DATA FOR ANALYSIS: Begin
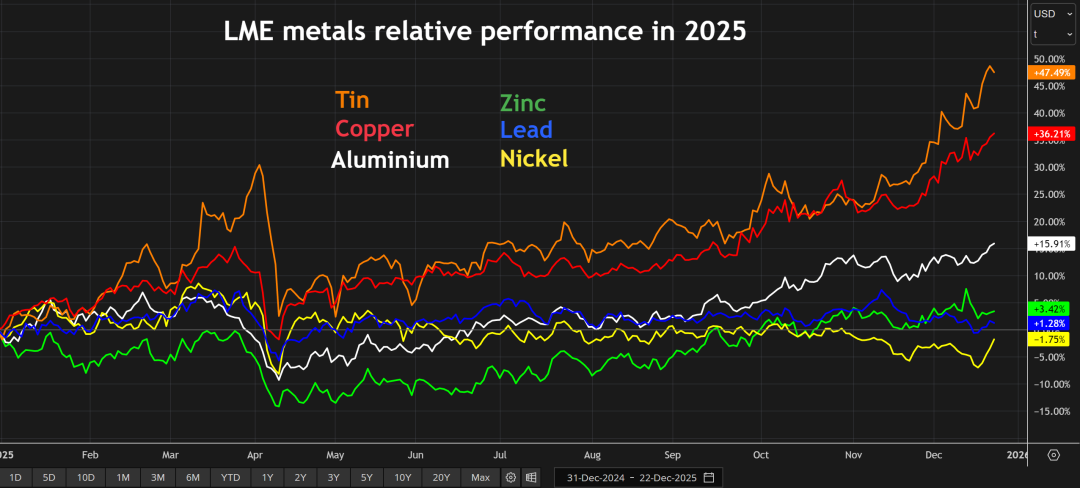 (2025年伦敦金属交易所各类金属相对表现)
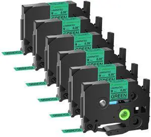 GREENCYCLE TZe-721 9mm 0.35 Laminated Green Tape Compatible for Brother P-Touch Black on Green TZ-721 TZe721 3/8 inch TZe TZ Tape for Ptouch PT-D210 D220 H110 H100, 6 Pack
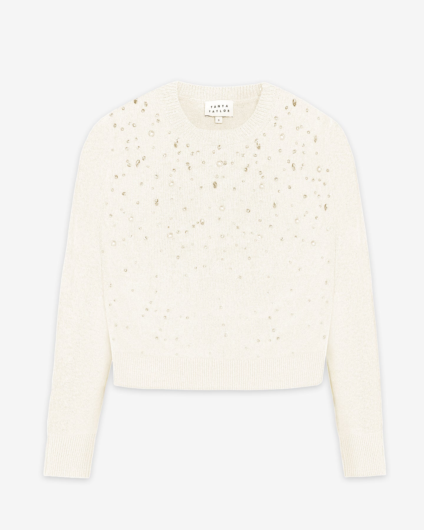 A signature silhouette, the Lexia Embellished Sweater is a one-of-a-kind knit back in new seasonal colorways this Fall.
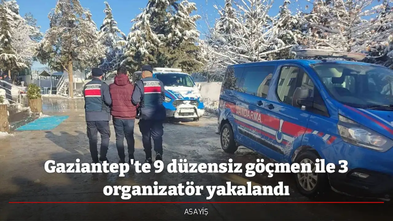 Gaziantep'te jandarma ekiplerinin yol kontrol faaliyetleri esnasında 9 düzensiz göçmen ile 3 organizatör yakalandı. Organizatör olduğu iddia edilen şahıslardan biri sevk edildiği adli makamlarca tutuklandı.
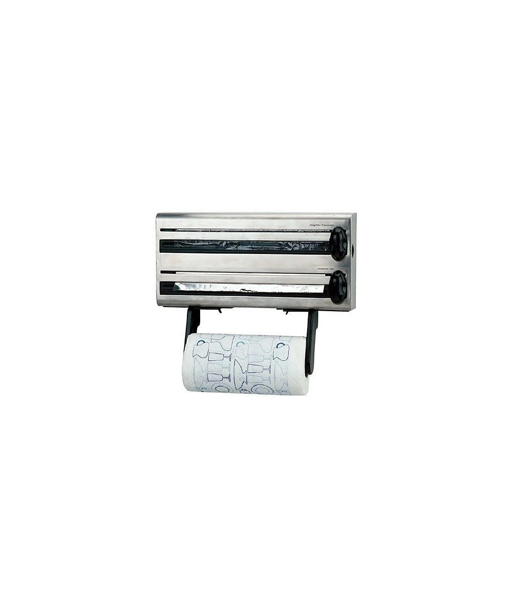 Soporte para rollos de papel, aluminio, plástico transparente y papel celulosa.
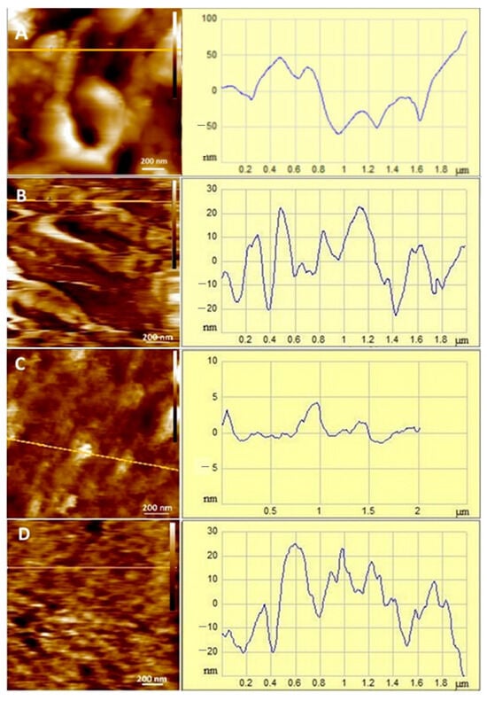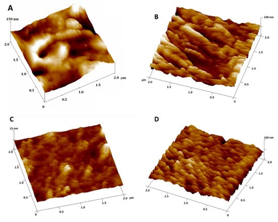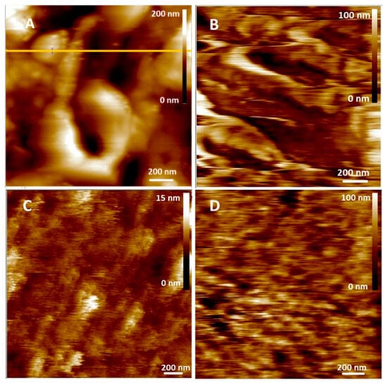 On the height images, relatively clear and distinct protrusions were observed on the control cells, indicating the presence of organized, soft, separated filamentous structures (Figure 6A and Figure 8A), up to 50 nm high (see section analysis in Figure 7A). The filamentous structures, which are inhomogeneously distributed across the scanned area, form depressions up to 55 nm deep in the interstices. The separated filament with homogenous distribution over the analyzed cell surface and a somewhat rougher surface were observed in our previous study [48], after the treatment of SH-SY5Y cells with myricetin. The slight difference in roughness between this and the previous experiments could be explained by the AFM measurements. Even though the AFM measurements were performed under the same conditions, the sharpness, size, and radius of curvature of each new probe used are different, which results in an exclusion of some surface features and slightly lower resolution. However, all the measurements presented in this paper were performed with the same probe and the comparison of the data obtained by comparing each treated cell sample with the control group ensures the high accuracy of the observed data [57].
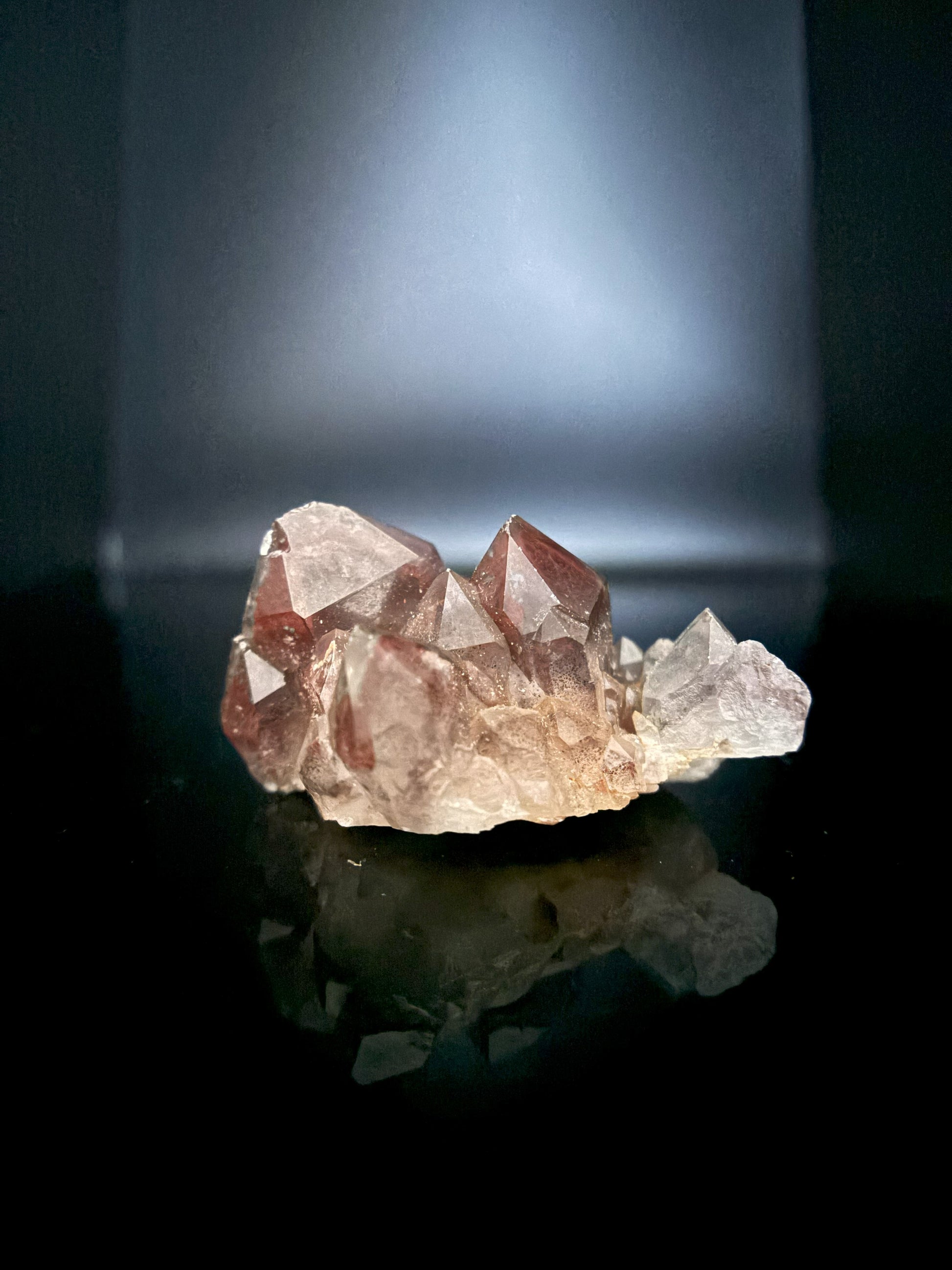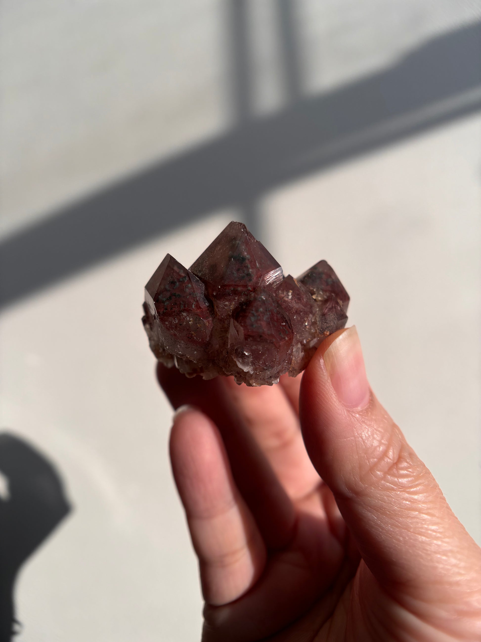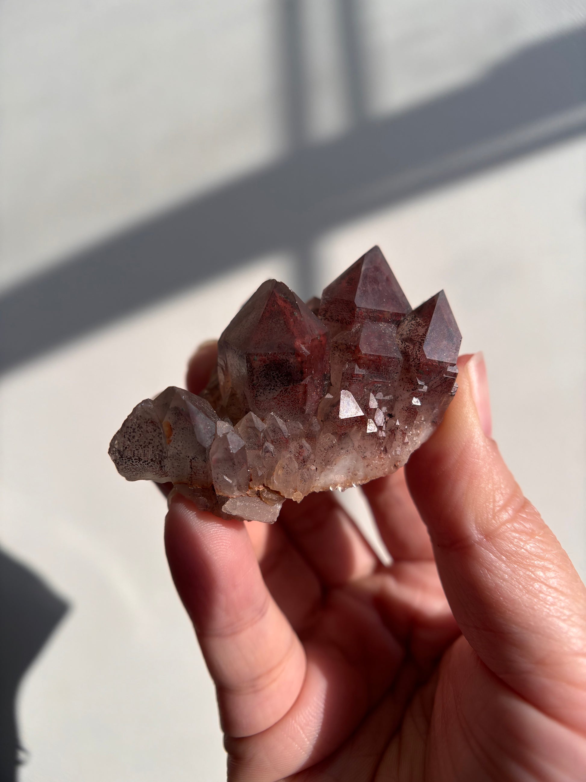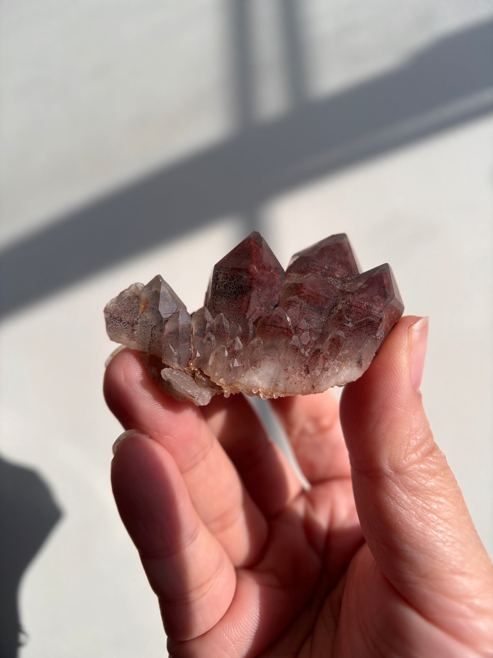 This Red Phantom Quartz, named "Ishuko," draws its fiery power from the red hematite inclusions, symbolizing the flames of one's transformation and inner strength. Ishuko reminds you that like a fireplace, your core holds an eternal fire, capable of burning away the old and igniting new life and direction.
DATA FOR ANALYSIS: End
DATA FOR ANALYSIS: Begin
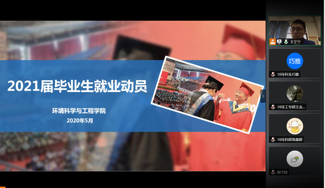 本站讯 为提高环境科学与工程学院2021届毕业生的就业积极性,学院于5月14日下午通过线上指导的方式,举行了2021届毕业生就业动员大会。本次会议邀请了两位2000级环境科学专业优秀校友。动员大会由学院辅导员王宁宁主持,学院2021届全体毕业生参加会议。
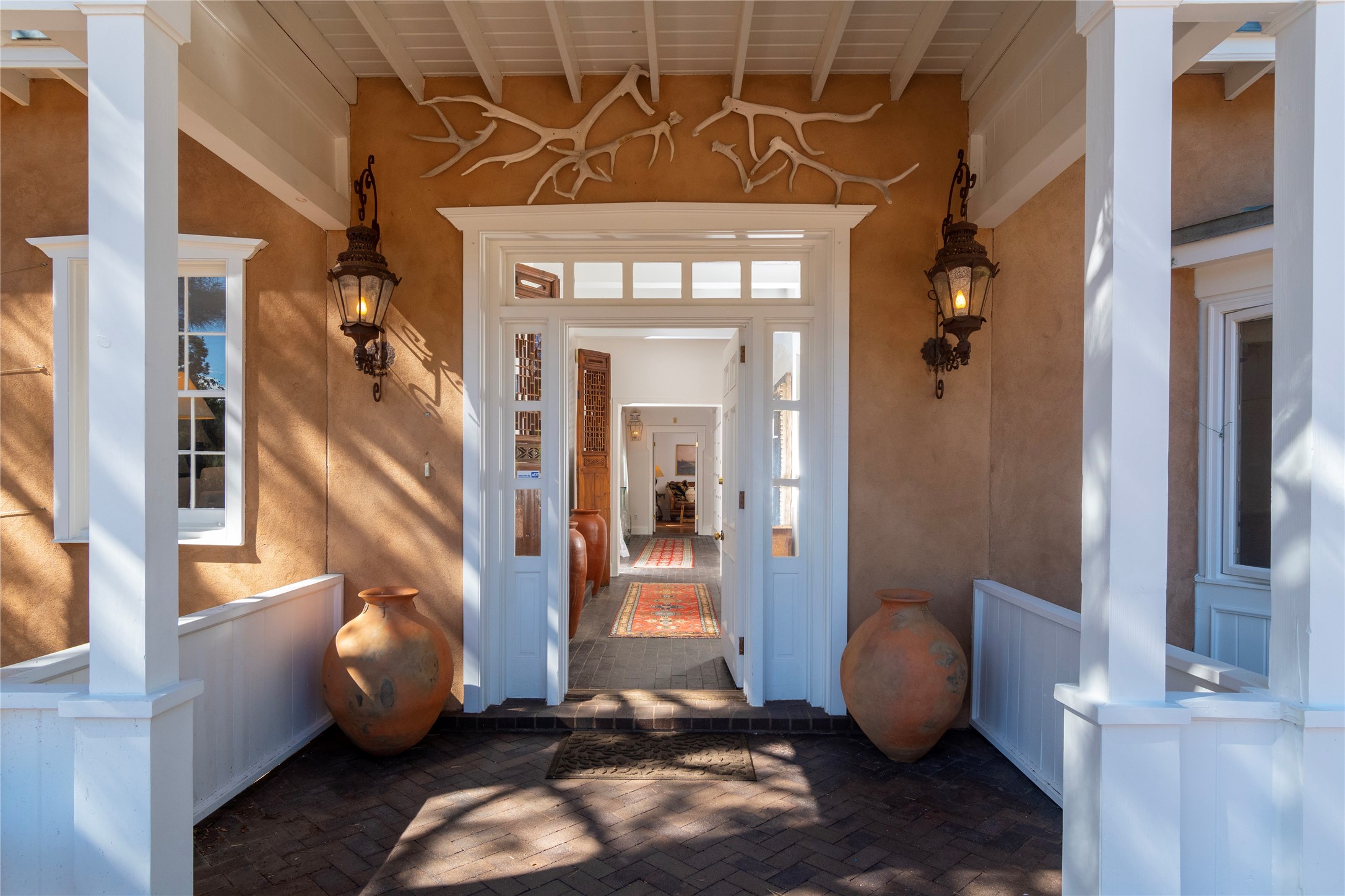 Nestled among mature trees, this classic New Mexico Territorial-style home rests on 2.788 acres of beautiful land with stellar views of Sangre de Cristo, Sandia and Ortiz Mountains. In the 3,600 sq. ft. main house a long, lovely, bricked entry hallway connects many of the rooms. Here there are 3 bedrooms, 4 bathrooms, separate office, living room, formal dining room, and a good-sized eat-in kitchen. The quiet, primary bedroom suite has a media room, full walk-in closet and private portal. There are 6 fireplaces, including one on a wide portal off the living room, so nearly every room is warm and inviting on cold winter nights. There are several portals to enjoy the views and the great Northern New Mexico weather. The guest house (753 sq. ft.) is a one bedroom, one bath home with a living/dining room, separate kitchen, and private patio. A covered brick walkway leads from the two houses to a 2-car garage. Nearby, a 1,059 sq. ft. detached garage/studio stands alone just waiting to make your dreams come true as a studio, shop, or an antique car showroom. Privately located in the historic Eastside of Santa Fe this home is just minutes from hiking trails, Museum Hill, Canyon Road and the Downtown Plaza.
DATA FOR ANALYSIS: End
Taking the entries above, copy word for word the lines from the one with "GREENCYCLE TZe-721 9mm" up to and including the one with "A signature silhouette, the", without any picture.

- [YOUR RESPONSE]:
 GREENCYCLE TZe-721 9mm 0.35 Laminated Green Tape Compatible for Brother P-Touch Black on Green TZ-721 TZe721 3/8 inch TZe TZ Tape for Ptouch PT-D210 D220 H110 H100, 6 Pack
 A signature silhouette, the Lexia Embellished Sweater is a one-of-a-kind knit back in new seasonal colorways this Fall.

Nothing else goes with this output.